Nous poussâmes avec une vingtaine d'escadrons les deux colonnes d'infanterie qui se retiraient vers Maastricht, et après que nous fûmes arrivés avec ces escadrons sur les hauteurs de cette ville nous restâmes en ordre de bataille, & le Maréchal retourna vers le Roi pour lui rendre compte de la victoire. Le Roi l'embrassa tendrement et lui fit les plus sensibles démonstrations de la satisfaction qu'il avait de cette journée. M. le Maréchal, en s'en retournant vers le Roi, avait donné ordre aux officiers généraux qui commandaient notre droite de donner dans les flancs des ennemis qui se retiraient pour les amuser, en attendant qu'il disposerait son aile gauche et le corps de réserve pour donner dans leur aile droite composé d'Autrichiens. Etant donc arrivé auprès du Roi il fit ses dispositions dans la minute pour marcher sur la hauteur, & y marcha sur l'heure même avec canons, cavalerie & infanterie vers les Autrichiens. Il fût fort étonné, étant en haut, de remarquer que la partie de notre armée qui devait donner dans les flancs des Alliés ne branlait point ; il y envoya, mais quand nos gens se mirent en mouvement, c'était trop tard ; après donc que nous eûmes canonné leur arrière-garde, ils pressèrent le pas, & cette aile droite des Alliés eut le bonheur d'échapper pour la négligence de quelques officiers généraux qui se conduisirent dans cette occasion trop mollement ; on ne prit qu'une centaine de pandours. Après cela le Roi et le Maréchal se rendirent à la grande commanderie qui était le quartier du maréchal Bathiany, où ils couchèrent & toute notre armée sur le champ de bataille. Les ennemis se retirèrent au delà de la Meuse où ils campent comme ils peuvent.

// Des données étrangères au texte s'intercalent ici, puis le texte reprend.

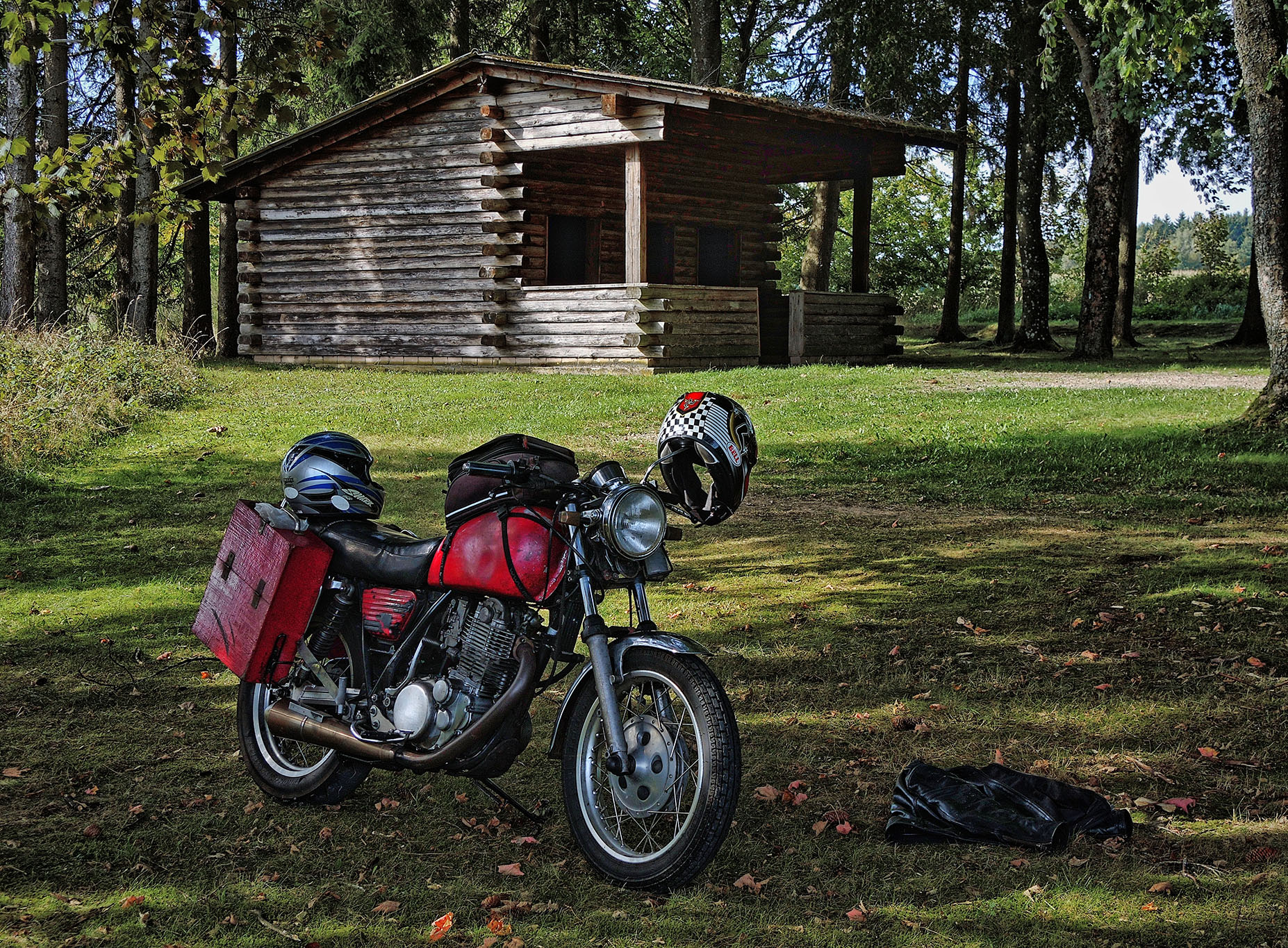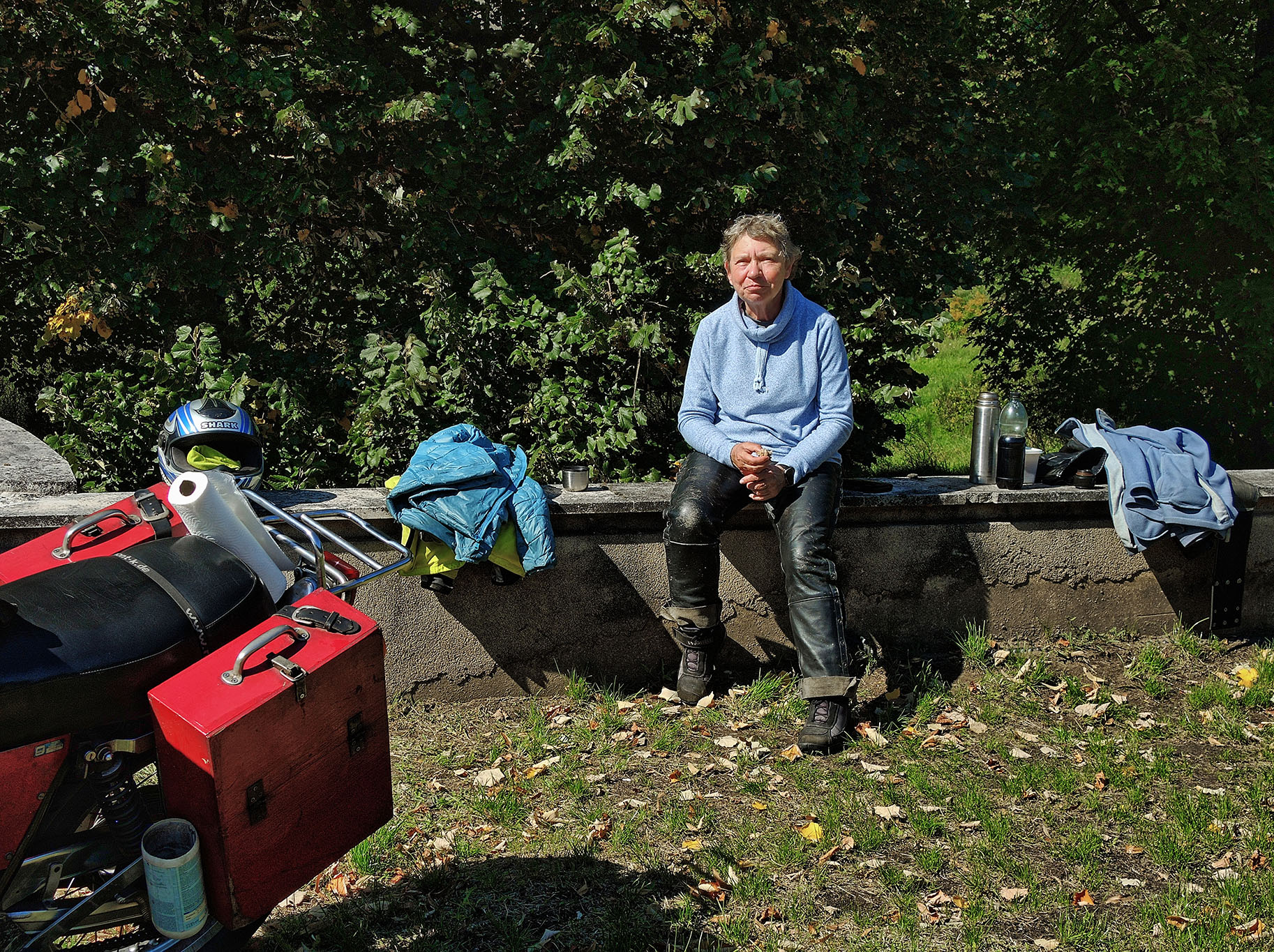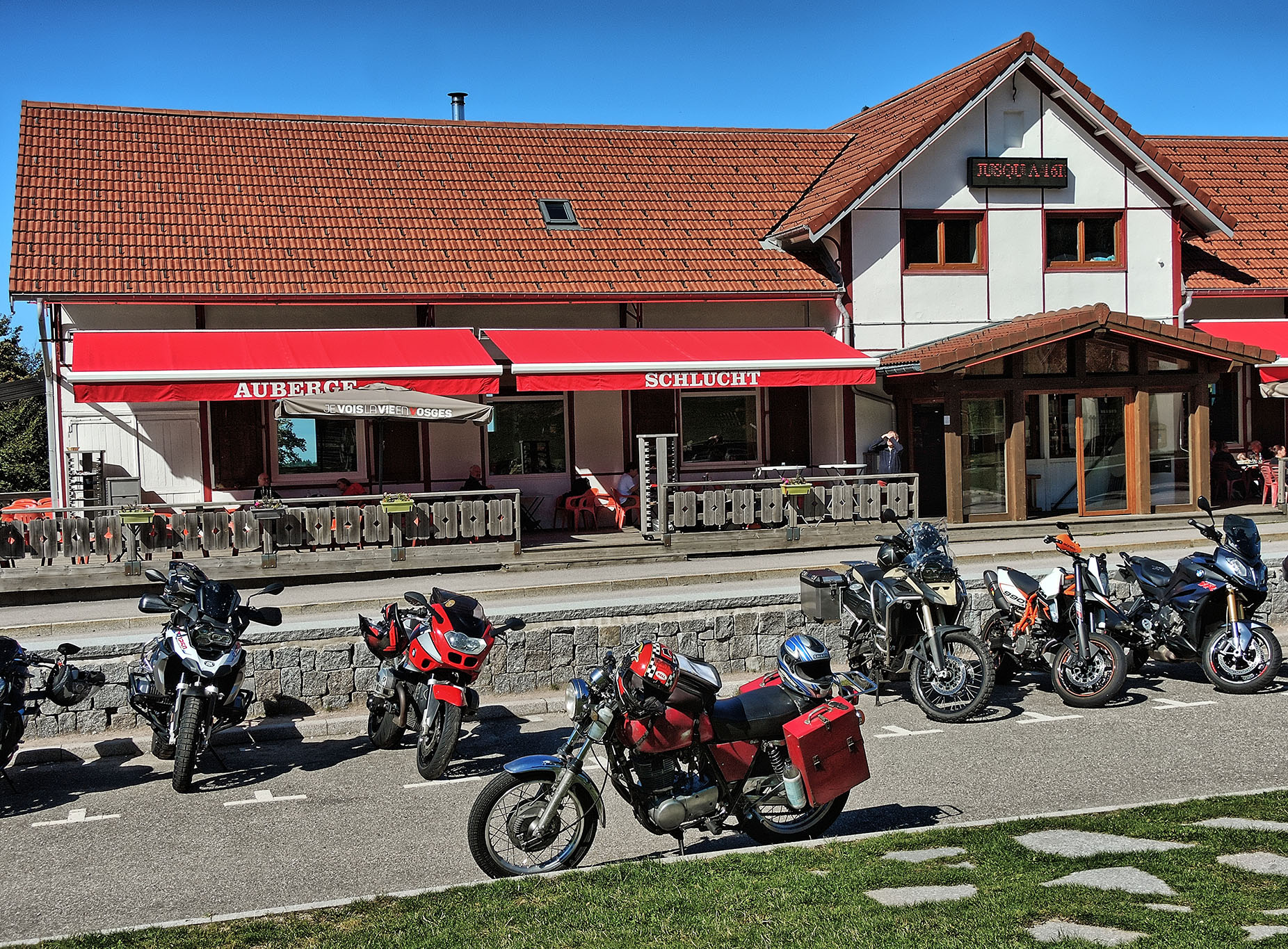 Die Meteorolügen hatten uns drei stabile Sonnentage vorhergesagt, also SR satteln und los. Durch die Südeifel an die Sauer, zur Mündung in die Mosel nach Wasserbilligerbrück. Der kürzeste Weg nach Süden führt über die Moselbrücke von Igel nach Konz, und diese Strecke ist mit einem Zweirad befahrbar, etwas für Pfadfinder. Die Saar hoch über Mettlach, Merzig, Saarlouis, dort nach Westen, Lothringen. St. Avold ist in der Stadtdurchfahrt ein Kniffel, denn wir nehmen nicht die ewig lange Umfahrung. Schilder nach Dieuze helfen da weiter. Dort ist der See von Lindre, grosse Fläche, zweigeteilt, im Sommer fällt der nördliche Teil trocken. Das ist insgesamt eine reizvolle Tümpelgegend mit freiem Fahren, wenig Verkehr, keine Passfotos. In Cirey sur Vezouse hatten wir ein total schnuckeliges airbnb für 2 Nächte, 2 Personen, zum insgesamt zweistelligen Preis, ein Glückstreffer, abseits vom Ort, mit Tisch hinterm Haus und Blick auf einen privaten Park. Am zweiten Tag sind wir ohne Gebäck in die Vogesen, zuerst die Weisse Saar hoch zum Donon. Die Weisse Saar ist eine Traumlandschaft, die Auenwiesen dampften, die silbrigen Birken glänzten und die Mufflons lagen gemütlich beim Morgenkaffee und kauten. Alexandra sagt dann immer: byrgerliche Schainidülle. Ostseite Donon in Schirmeck ist ein Intermarche mit Tanke, dort trifft sich alles, weil es weit und breit die beste Einkaufsmöglichkeit ist. Der Champ du Feu ist landschaftlich ein Traum, die changierende Farbe der Alpwiesen. Die Restauration des Turmes ist mehr als halb gemacht, aber es geht seit Jahren nicht weiter, von dort kann man quer über die Oberrheinebene tief in den Schwarzwald schauen. Col de la Charbonnière, Col de Steige, Col de la Salcée, Col d'Urbeis, Col de Mandray, Col du Bonhomme, Col de la Schlucht, grosser Auftrieb dort, Grand Ballon, Col Amic, runter ins Tal nach Westen, entlang des Sees von Wildenstein, Col du Bramont, la Bresse, Col de Grosse Pierre, Gerardmer mit dem See, weiter Nord nach St. Dié. Inzwischen hatten wir einen Knoten im Lenker und die Sonne rutschte tiefer, also am Kabel gezogen und 25km ausgebaute N59, das räumte, über Badenweiler zurück nach Cirey sur Vezouse. Wir waren platt, aber es hat gelohnt, der vorletzte Sommertag. Die Unterkunft hatte einen Kaminofen und der Patron stellte mächtig Holz hin, Danke. Am nächsten Morgen fix nochmal die Ventile nachgestellt, die in der Nachmittagssonne passhoch etwas tickerten, dazu brauchen wir nur noch 40min, bis alles auseinander und zusammen ist, einschliesslich Koffer und Tankrucksack, aber danach hatten wir ein besseres Gefühl und sie lief leiser. Über Abreschviller und das Schiffshebewerk "Plan incliné" nach Lützelburg, dort ist traditionell Rast an der Schleuse, der Zorn. Über Phalsbourg, Lützelstein, Bitsch, nach Pirmasens. Dort ist der Einstieg in die B270 nach Norden, eine geniale Strasse, mit Kurven, nicht zu eng, nicht zu gerade, fast ohne Ortsdurchfahrten, feine Landschaft, da rasen wir mit 90kmh an K-Town vorbei, über Lauterecken, Bruchweiler nach Morbach am Nordrand des Hochwaldes. Oben auf dem Weg nach Bernkastel machen wir immer Rast bei der Holzhütte mit den grossen Windrädern, total gemütlich, ruhig, wenig bekannt. Moselabwärts bis Ürzig, dort kommt die Auffahrt in die Eifel, eine Strasse wie Freiwandklettern, gips nicht oft in D-Land. Die B421 trug uns nach Daun, Kelberg, Nürburgring, Adenau, Bad Münstereifel und dann nach Hause, wo wir den Strassenstaub mit ordentlich Flaschbier besiegen konnten. Insgesamt waren das ca 1100 km, die SR verbrauchte 4 1/4 Liter Benzin und gesamt 0,45 l Öl, elf 20W50 Cruise mit 25% Beimischung Liqui Moly SAE50 Classic, das läuft schön leise. Unsere Dame kommt in die Jahre, ein Knuff hier, eine Schraube dort, aber insgesamt gibt sie ein Gefühl auf dem Moppi, welches mir bisher kein anderes Moppi gegeben hat. Die Tatsache, dass wir zwei Senioren da 7 Stunden mit Freude drauf sitzen können, spricht dafür. Wir wissen nie, was die Zukunft bringt, dieses Wetterfenster wollten wir mitnehmen. Grüsse aus der Eifel A & m |

Cette journée a été des plus mémorables qu'on aie vu longtemps par le nombre des troupes qui composaient les deux armées et le dessein le plus hardi qu'on aie peut-être jamais formé. Les Alliés étaient, avec leur armée de 100 mille combattants, postés d'une façon qu'il paraissait impossible de les entamer. Ils avoient le terrain le plus parfait pour la défensive, leurs ailes appuyées à des villages & ravins, tout leur front couronné de même par des ravins et des villages ; cependant, le jugement supérieur du Maréchal, sa fermeté, l'activité de se porter partout où sa présence pouvait donner de la vigueur aux attaques, et la valeur des troupes ont surmonté tout cela. Je voyais des moments fort critiques, & si les Alliés en auraient su prendre avantage, ils auraient pu nous mettre dans les plus grands embarras & nommément les Autrichiens. La bataille a été extrêmement meurtrière. Nous avons perdu six mille homes tués et blessés dont il y a mille officiers, les Alliés neuf mille. Nous avons pris des étendards, timbales & 23 pièces de canons. Les Alliés ont aussi emporté des drapeaux & étendards. Il faut dire que notre infanterie a fait des prodiges de valeur dans l'attaque de village, & la cavalerie qui soutenait l'attaque, a été battu en brèche pendant quatre heures de temps par 40 pièces de canons sans branler. Tous les colonels anglais qui étaient au village au nombre de six ont été tués avec un grand nombre d'officiers de marque. Nous avons perdu le Comte de Bavière d'un boulet de canon, et mille officiers tués ou blessés. Nous avons appris aujourd'hui qu'il y a une grande animosité dans les nations qui composent l'armée des Alliés. Ils ont été obligé de séparer les corps.
Le Roi fera demain le revue de son armée, & puis on fera la réjouissance.